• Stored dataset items
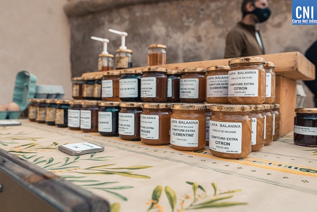 Un peu plus loin, Anne-Marie Savelli propose son brocciu, ses tartes, fiadone, Migliacci, Moelleux au chocolat.... Eric Duvermy, apiculteur propose lui son miel et autres produits.
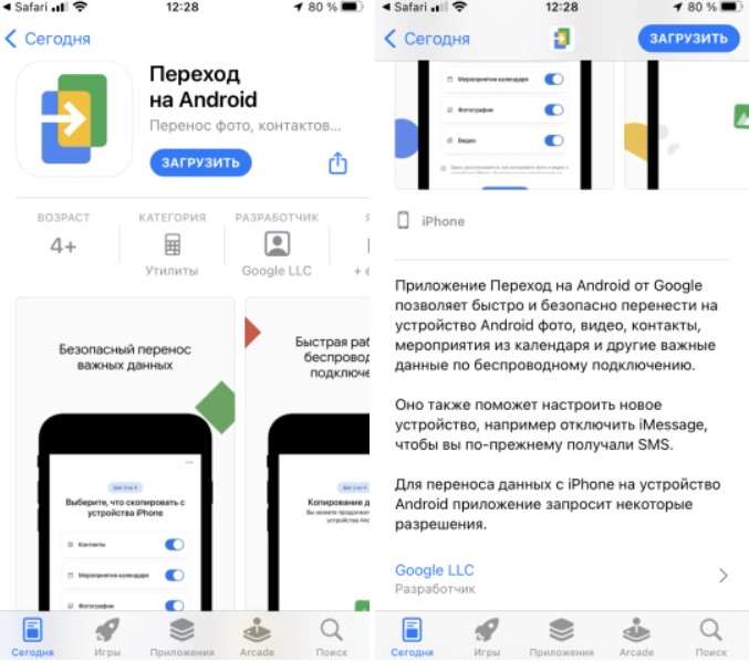 Приложение назвали недвусмысленно «Переход на Android». Однако, найти его в App Store, просто введя название, не получится, поскольку оно скрыто. Установить софт можно только по прямой ссылке. Причины такой секретности неизвестны, Google еще не давала официальных комментариев, но наверняка Apple просто не хочет увеличивать отток пользователей на Android.
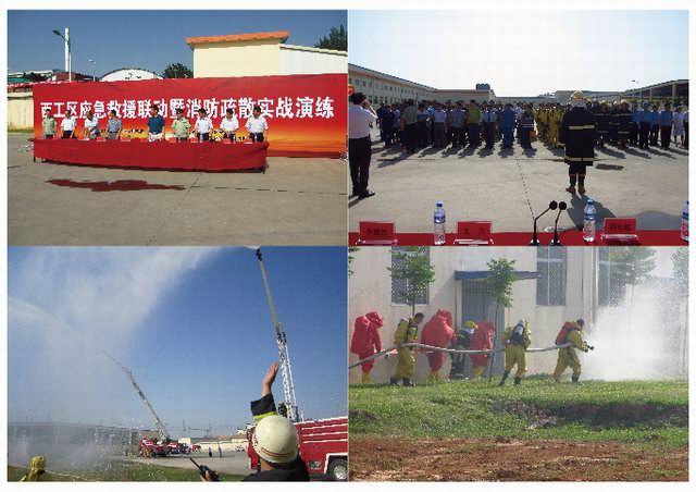 洛陽(yáng)市安監(jiān)局領(lǐng)導(dǎo)、洛陽(yáng)市消防支隊(duì)領(lǐng)導(dǎo)、區(qū)領(lǐng)導(dǎo)迅速趕赴現(xiàn)場(chǎng)指揮救援,8臺(tái)消防車(chē)、2臺(tái)救護(hù)車(chē)在公安交警車(chē)開(kāi)道下呼嘯而至,120名消氣防戰(zhàn)斗員訓(xùn)練有素展開(kāi)救援,生產(chǎn)調(diào)整組、安全環(huán)保組、警戒保衛(wèi)組、設(shè)備搶修組、信息管理組共50人分別按預(yù)案井然有序開(kāi)展現(xiàn)場(chǎng)工作。由于反應(yīng)迅速,處置得當(dāng),沒(méi)有造成周?chē)w、空氣環(huán)境污染,沒(méi)有發(fā)生其他次生事故,1名中毒的現(xiàn)場(chǎng)操作人員得到及時(shí)救治。本次演練為力求貼近實(shí)戰(zhàn),對(duì)突發(fā)事故應(yīng)急處理真正起到指導(dǎo)和演練作用,改變以往演練模式,應(yīng)急指揮部演練中還臨時(shí)增設(shè)了演練科目。
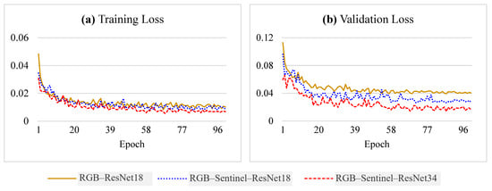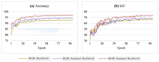 The results of training loss and validation loss for the models are displayed in Figure 6. The x-axis represents the epochs. Analyzing the training loss of all three models reveals that none of them overfitted the data. However, when analyzing the validation loss, it is evident that the RGB–Sentinel–ResNet34 model consistently had the lowest validation loss from the beginning. It demonstrated a more stable decrease throughout the training process, ultimately reaching a final validation loss of 0.0162. The RGB–Sentinel–ResNet18 model performed slightly worse, with a final validation loss of 0.0277. The RGB–ResNet18 model had the poorest performance among the three, achieving a final value of 0.0400. Overall, the RGB–Sentinel–ResNet34 model outperformed the others in reducing validation loss, demonstrating its superior performance. Furthermore, an analysis of the IoU and accuracy values (Figure 7) confirms that the RGB–Sentinel–ResNet34 model outperforms the other two models.
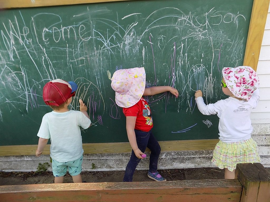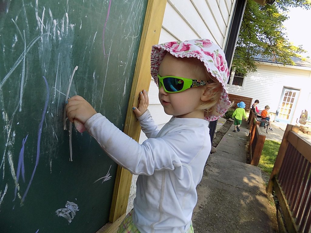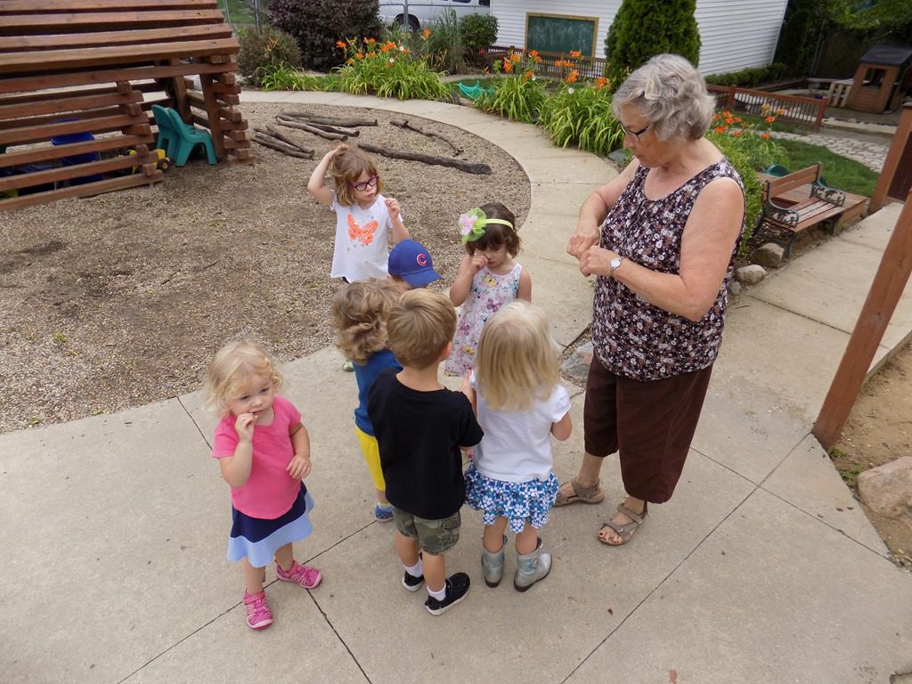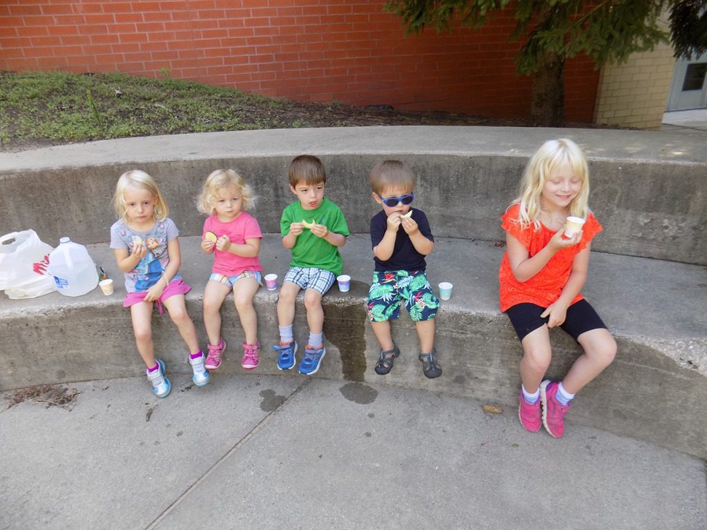 We headed down to the bigger playground but first we stopped to have our Wee Sprout snack. Children ate cucumbers and had many cups of water to stay hydrated.
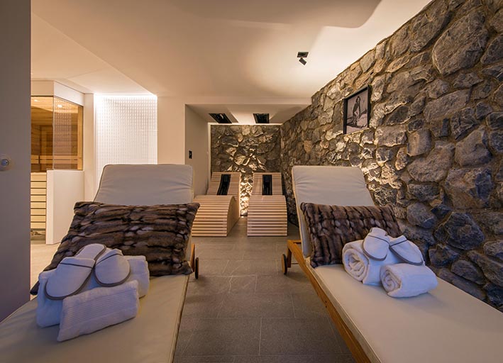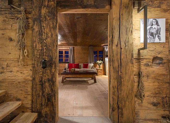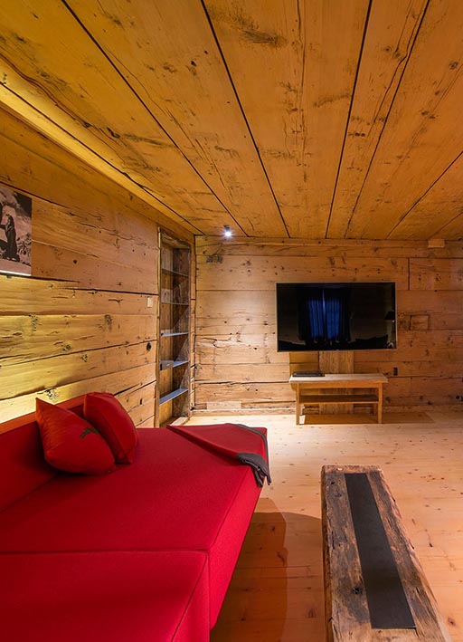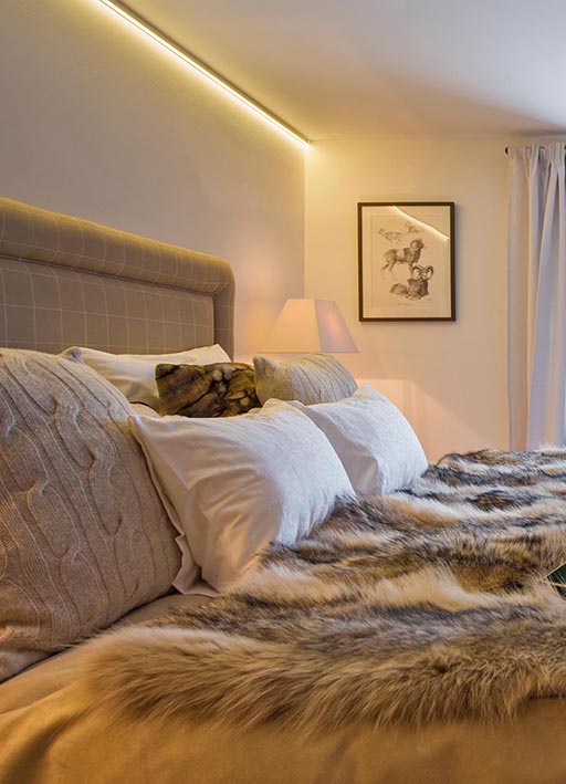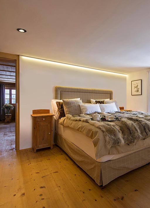 the architectural elements with their traditional character have been carefully restored and contrasted with the more modern materials and finishes. the combination of essential architecture, characterized by straight lines, and the historic elements creates an effective contrast. the predominant material is wood, large panels of which cover the entire area of the living room, the cinema room and the bedrooms. ceilings, floors and even walls are actually solid, rustic, knotty wood, creating a simple and natural ambience, in which to immerse oneself in nature. the use of light has also played a key role in accentuating the contrasts between materials and forms. the tactile perception of rough old structures, perceptible under a beam of light, coexists with the smooth edges, highlighted by precise, thin beam lighting. the use of wallwasher transforms entire walls into a lighting units. the choice of products such as 'lettera c' for illuminating paintings, p1 as small, elegant spotlight to pick out individual items of furniture, the 13x8 and c2 hidden profiles and items of art suitable for this space as 'litro di luce', has given the chalet the charm needed to create a comfortable environment of well-being.
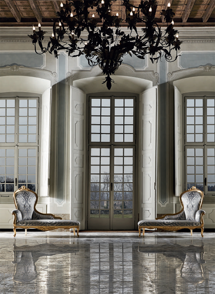 The couch Dormeuse, from the Italian manufacturer Silik. The model is made on a frame of wood. Upholstery this model - textile with floral designs. Decoration is the decorative carving handmade. Upholstery and trim to order in the manufacturer`s catalogue. The model is made in classic style.
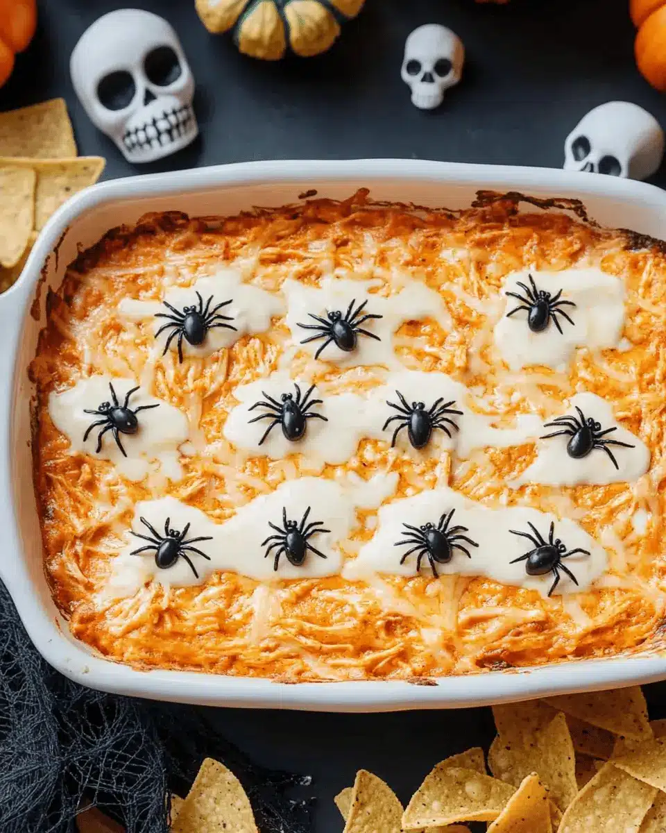 This spooky buffalo dip is perfect for Halloween parties and gatherings!

• EXERCISE
Word for word, write out the lines from the top of the records above down to the line holding "洛陽(yáng)市安監(ji", inclusive, but not the pictures.

• TASK RESPONSE
 Un peu plus loin, Anne-Marie Savelli propose son brocciu, ses tartes, fiadone, Migliacci, Moelleux au chocolat.... Eric Duvermy, apiculteur propose lui son miel et autres produits.
 Приложение назвали недвусмысленно «Переход на Android». Однако, найти его в App Store, просто введя название, не получится, поскольку оно скрыто. Установить софт можно только по прямой ссылке. Причины такой секретности неизвестны, Google еще не давала официальных комментариев, но наверняка Apple просто не хочет увеличивать отток пользователей на Android.
 洛陽(yáng)市安監(jiān)局領(lǐng)導(dǎo)、洛陽(yáng)市消防支隊(duì)領(lǐng)導(dǎo)、區(qū)領(lǐng)導(dǎo)迅速趕赴現(xiàn)場(chǎng)指揮救援,8臺(tái)消防車(chē)、2臺(tái)救護(hù)車(chē)在公安交警車(chē)開(kāi)道下呼嘯而至,120名消氣防戰(zhàn)斗員訓(xùn)練有素展開(kāi)救援,生產(chǎn)調(diào)整組、安全環(huán)保組、警戒保衛(wèi)組、設(shè)備搶修組、信息管理組共50人分別按預(yù)案井然有序開(kāi)展現(xiàn)場(chǎng)工作。由于反應(yīng)迅速,處置得當(dāng),沒(méi)有造成周?chē)w、空氣環(huán)境污染,沒(méi)有發(fā)生其他次生事故,1名中毒的現(xiàn)場(chǎng)操作人員得到及時(shí)救治。本次演練為力求貼近實(shí)戰(zhàn),對(duì)突發(fā)事故應(yīng)急處理真正起到指導(dǎo)和演練作用,改變以往演練模式,應(yīng)急指揮部演練中還臨時(shí)增設(shè)了演練科目。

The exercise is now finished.